In searching for a picture of a pile of shoes to include with this post, I was reminded that shoes have historically not only embodied fetishistic sexuality, but also bitter oppression. Concentration camps like Auschwitz hoarded heaps of shoes of their Jewish victims. Shoes were also. valuable bartering merchandise in concentration camps.

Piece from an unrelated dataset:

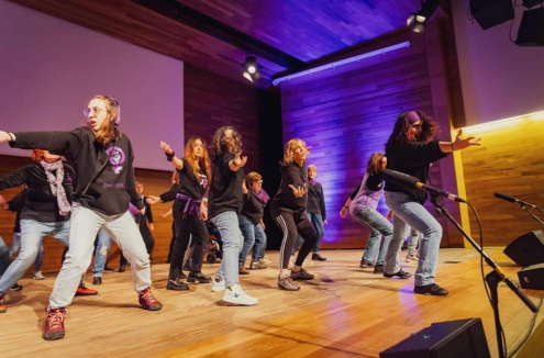 Actuació col·lectiva de dansa reivindicativa dins de l'acte central del 8M

By the way, $10 million has been offered to purchase the original infamous pair of black dress shoes. Consumeristic democracy in action!
1 comment
Ben Wheeler says:
May 29, 2009
When I worked for the government in former Soviet Georgia, I went along on several prison inspections, including an old prison in the capital, Tbilisi. It had been used to stage executions in Soviet times, which were done to violent criminals and political prisoners alike. The execution chamber was just a bleak room where the prisoner would be made to kneel facing the wall, and shot in the back of the head. It was a custom to save the prisoners’ shoes, either as a sick souvenir or a method of tracking who had been executed, and the closet in the execution room was still full of shoes — old, stringy, barely held together shoes that told of the poor conditions and likely the poverty of these prisoners’ lives.